Esta distância aliada à defesa de questões como o custo de vida ajudou Le Pen a tornar-se uma alternativa mais apelativa a uma classe trabalhadora desagrada com o mandato de Macron e a sua postura perante os franceses com maiores necessidades financeiras.

“Nesta derrota, não posso deixar de sentir uma forma de esperança”, disse a candidata de extrema-direita após o resultado das eleições, citada pelo Al Jazeera. “Nunca abandonarei os franceses.”

 

Protestos de esquerda

À semelhança do que aconteceu na primeira volta das eleições, o resultado deste processo democrático desencadeou protestos, juntando grupos anticapitalistas e antifascistas que condenaram a eleição de Macron e o elevado número de votos que Le Pen recebeu.

No centro de Paris, onde manifestantes se juntaram sob o lema “Celebremos o novo período de cinco anos de alegria”, uma dezena de carrinhas da polícia de choque e agentes concentraram-se em ruas perto do local do protesto para evitar confrontos, mas acabaram por dispersar os manifestantes com recurso a gás lacrimogéneo.

Existiu uma grande sensação de alvoroço em Paris, também motivada pelo facto de a polícia ter baleado duas pessoas que se encontravam dentro de um veículo que tentou atropelar os agentes. Até ao momento não foi possível confirmar se existe uma ligação entre este incidente e as eleições.

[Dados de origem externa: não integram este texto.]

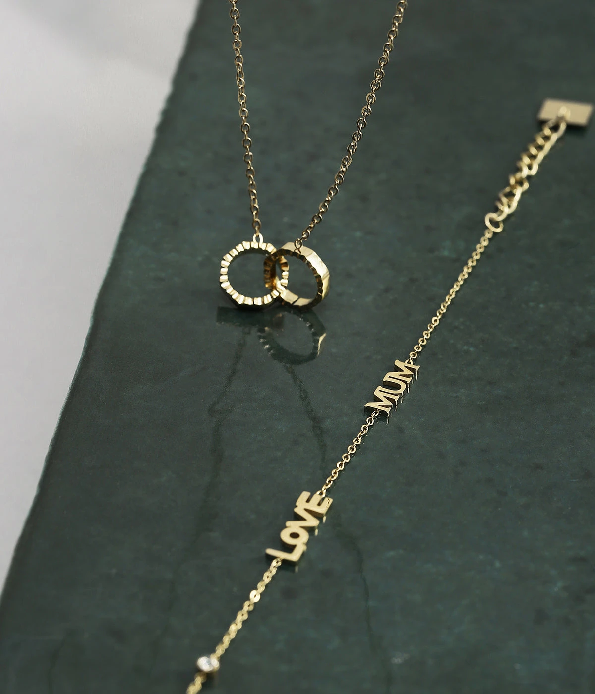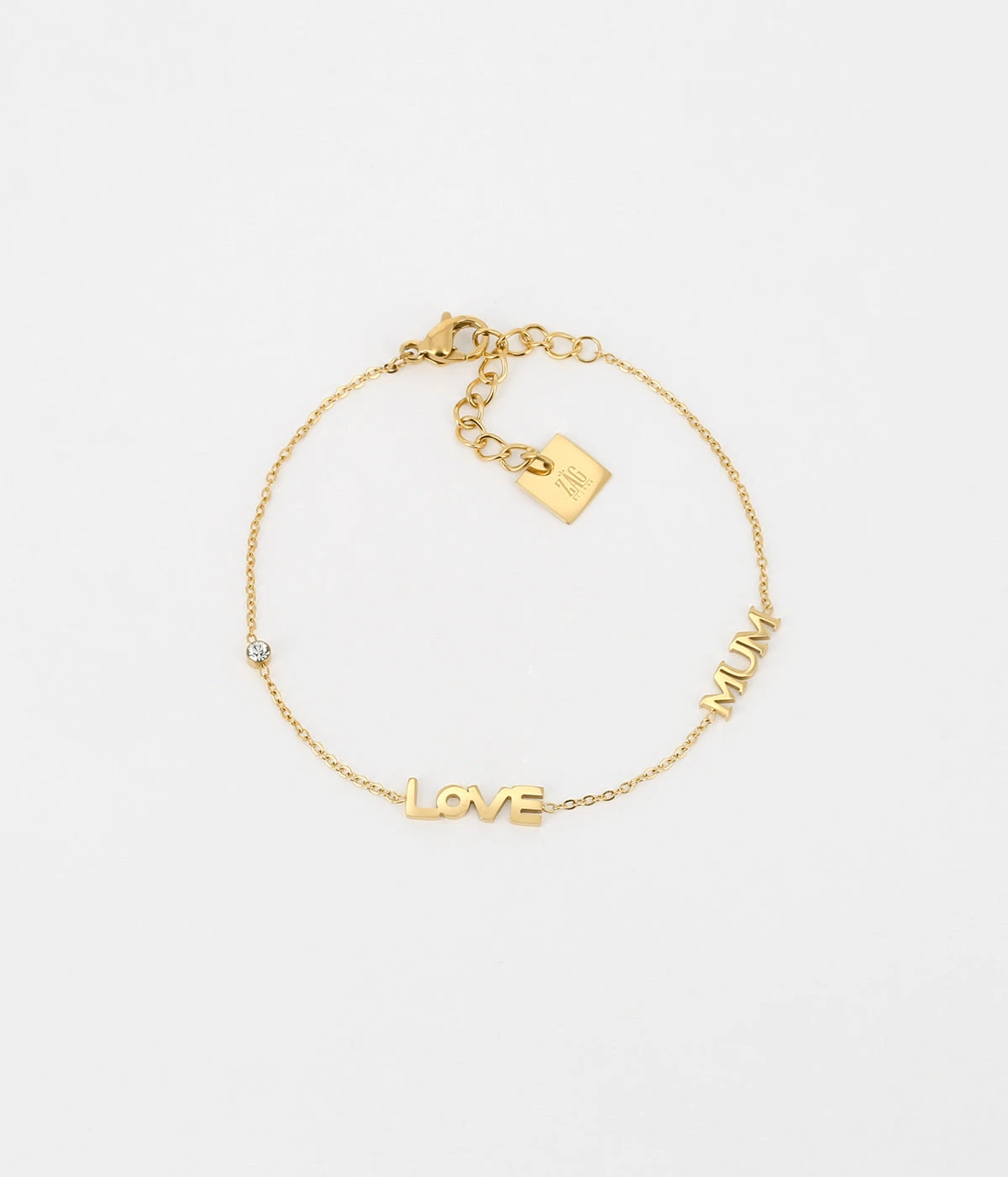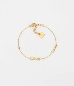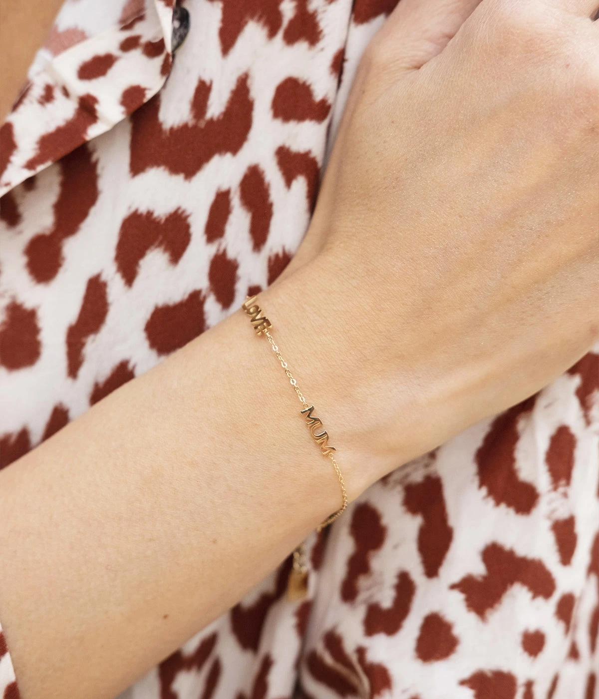 Bracelet en acier uni ou dorĂ© Ă l’or fin sur lequel est attachĂ© les mots « Love Mum » .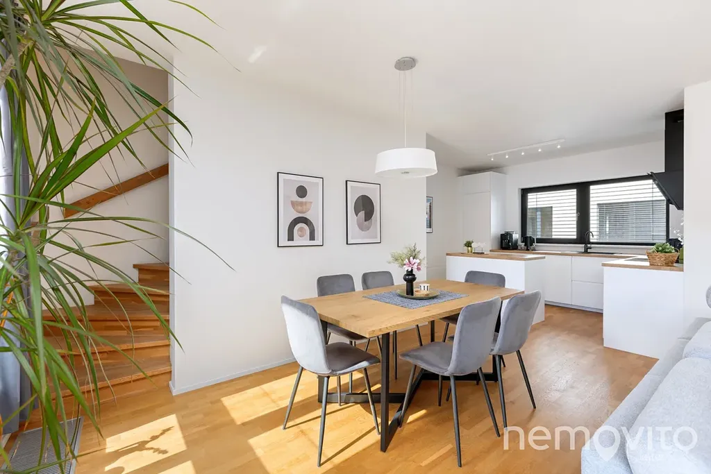 Díky velké ploše je velikost obýváku skutečně velkorysá. 39 m2 poskytuje dostatek prostoru pro plnohodnotnou jídelnu, která navazuje na kuchyni do tvaru U, ke které pod schody náleží také spižírna. V části pro pohovku či pracovnu je pak výstup na 5 m2 balkon s orientací na jih, tedy směrem na Šmukýřku. Díky orientaci na odvrácenou stranu od vytížených tahů je tak v bytě skutečně klid. Velkoformátová okna zajišťují vysokou míru proslunění, které lze však regulovat venkovními žaluziemi.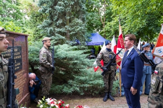 Uroczyste złożenie kwiatów pod pomnikiem Powstańców Warszawskich w Ciechanowie

Além da manifestação em Paris, foram convocados outros protestos em mais de vinte cidades francesas, entre as quais Marselha, Lyon, Nantes, Toulouse, Rennes e Montpellier.

“Lá vamos nós para mais cinco anos de liberalismo liderado por uma oligarquia parisiense que causou muitos danos ao país”, disse à France 24 um manifestante de Toulouse que não votou nesta segunda volta.

 

Inesperadas congratulações

Após o anúncio da vitória de Macron, não tardaram a chegar as congratulações de velhos aliados, como representantes da União Europeia, que observaram com atenção o desfecho das eleições, temendo as tendências antieuropeístas de Le Pen, ou o Presidente dos Estados Unidos, Joe Biden, mas também chegaram mensagens de apoio inesperadas, nomeadamente de Vladimir Putin.

“Desejo-lhe sinceramente sucesso na sua ação pública, bem como boa saúde”, afirmou o Presidente russo num telegrama enviado a Emmanuel Macron, anunciou o Kremlin, uma mensagem surpreendente face ao apoio incondicional à Ucrânia que a França tem demonstrado.

Entretanto, o Presidente ucraniano, Volodymyr Zelensky, também enviou uma mensagem a Macron, desejando-lhe boa sorte e afirmando que este é um “verdadeiro amigo da Ucrânia”.